October, 2025
Incremental Multi-Source Data Pipeline
This project is a scalable, incremental data automation pipeline that extracts data from Google Tag Manager (GTM), Google Ads, and Facebook Ads. The system uses dltHub for extraction, Apache Airflow for orchestration, and loads structured data into Google BigQuery, Cloud Storage, and Firestore with optimized incremental loading to reduce costs and improve efficiency.
ROLE
Data Pipeline Engineer
CHALLENGES
A major challenge was implementing incremental loading for Firestore, as it is not natively supported by dltHub. Previously the pipeline performed full refreshes, which was costly and inefficient. I solved this by developing a custom incremental extractor using Firestore queries based on timestamps and document IDs. This allowed the pipeline to only process new or updated records on each run.
SOLUTION
I developed a comprehensive incremental data automation pipeline that pulls tracking and advertising data from Google Tag Manager (GTM), Google Ads, and Facebook Ads.
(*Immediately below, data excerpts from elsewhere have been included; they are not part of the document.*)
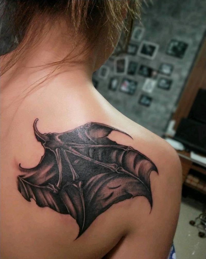 当前位置: 首页 >广西防城港市纹身店-格莱尔刺青纹身图案>翅膀遮盖纹身图片_肩部欧美写实纹身图案
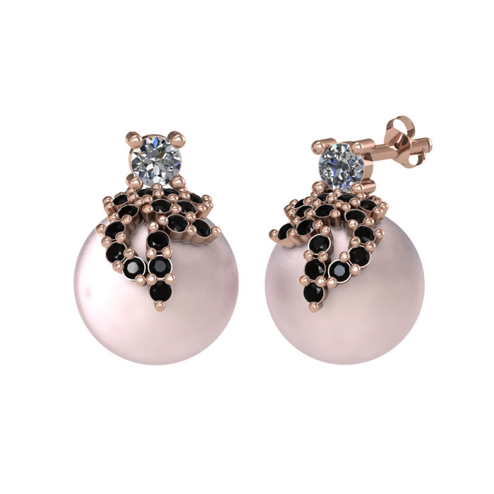 Pırlanta, siyah zirkon ve pembe inci 8 ayar rose altın küpe (0.22 karat)
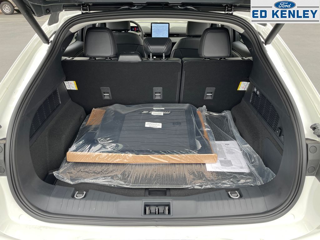 Interior Protection Package: Cargo Floor Liner; Cargo Area Cover; 1st and 2nd Row Floor Liners Without Carpet Mats,Equipment Group 300A Standard Package: Single Speed Transmission; Dual Motor (front/rear) (eAWD); 225/55R19 XL 103H A/S Tires; Heated and Ventilated Perforated ActiveX Bucket Seats; B&O Sound System by Bang and Olufsen; 19" Bright Machined-Face Aluminum Wheels,Panoramic Fixed-Glass Roof,Star White Metallic TC,Apple CarPlay/Android Auto smart device wireless mirroring,Pre-Collision Assist with Pedestrian Detection,Predictive Speed Assist Automatic curve slowdown cruise control,Unresponsive driver assist,FordPass Connect mobile hotspot internet access,Rear mounted camera,Lane Keeping Alert,Reverse Brake Assist collision mitigation,Adaptive Cruise Control,Brake assist system,Cruise control with steering wheel mounted controls,Power liftgate rear cargo door,Ventilated driver and front passenger seats,Connected Navigation integrated navigation system with voice activation,Heated steering wheel,Heated driver and front passenger seats,ActiveX leatherette front seat upholstery,Primary monitor touchscreen,First and second-row fixed glass sunroof,Driver seat power reclining, lumbar support, cushion tilt, fore/aft control and height adjustable control,Automatic full-time AWD,Front wireless smart device charging,SYNC 4A with Enhanced Voice Recognition (Alexa-Built-In) built-in virtual assistant,PCA with AEB and Intersection Assist forward collision mitigation with left turn assist,Evasive Steering Assist evasion assist system,SecuriCode external keypad door lock control,Smart key with hands-free access and push button start,Keyfob window control,360 Degree Camera aerial view camera,Front windshield solar coating,SAE CCS DC fast charge connector,Automatic brake hold,Plug and charge,Bluetooth wireless audio streaming,Power rear child safety door locks,Remote-activated interior climate preconditioning,Phone As A Key smart device-as-key proximity door locks,Gauge cluster display size: 10.20,Front mounted camera,Right side camera,Left side camera,BLIS (Blind Spot Information System),Traffic sign recognition with automatic speed limit assist,Dual-zone front climate control,SYNC 4A with Enhanced Voice Recognition (Alexa-Built-In) voice-activated climate control,Vapor Injection Heat Pump heat pump,Full gauge cluster screen,Auto high-beam headlights,150.000 kW,32.300 minutes
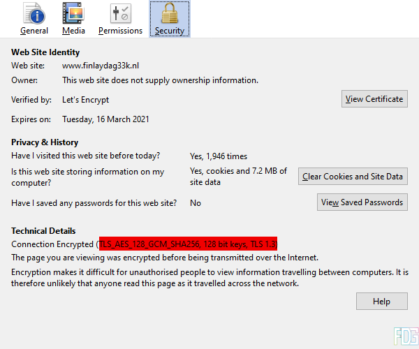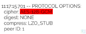 TLS1.3 and the AES-128-GCM encryption protocol.My OpenVPN server, for example, uses this very same encryption and so do most other VPN providers.
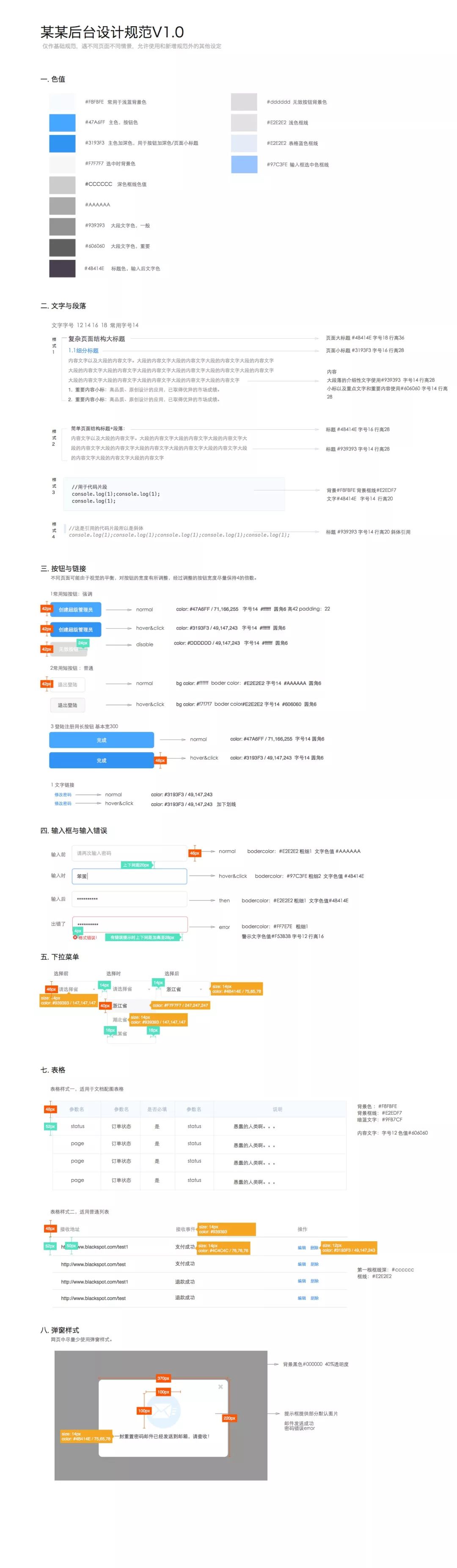 通过上面的工作,我们接下来使用sketch或蓝湖等工具,将文档规范输出。注意前面说的,UI规范文档是一个持续动态的文档,保证团队可以及时更新和复用。下面是一个例子

The pipeline is fully orchestrated using Apache Airflow (Dockerized on GCP), leverages dltHub for reliable extraction and normalization, and stores data across BigQuery (analytics), Cloud Storage (raw backup), and Firestore (operational use). Strong emphasis was placed on incremental loading to minimize API costs and processing time.
PERFORMANCE
TECH STACK
ARCHITECTURE
The architecture uses Apache Airflow as the central orchestrator running in Docker containers on GCP. dltHub handles data extraction and normalization from GTM, Google Ads, and Facebook Ads. A custom incremental layer was built for Firestore support. Data flows into BigQuery for analysis, Cloud Storage for archiving, and Firestore for real-time access — all processed incrementally for maximum efficiency.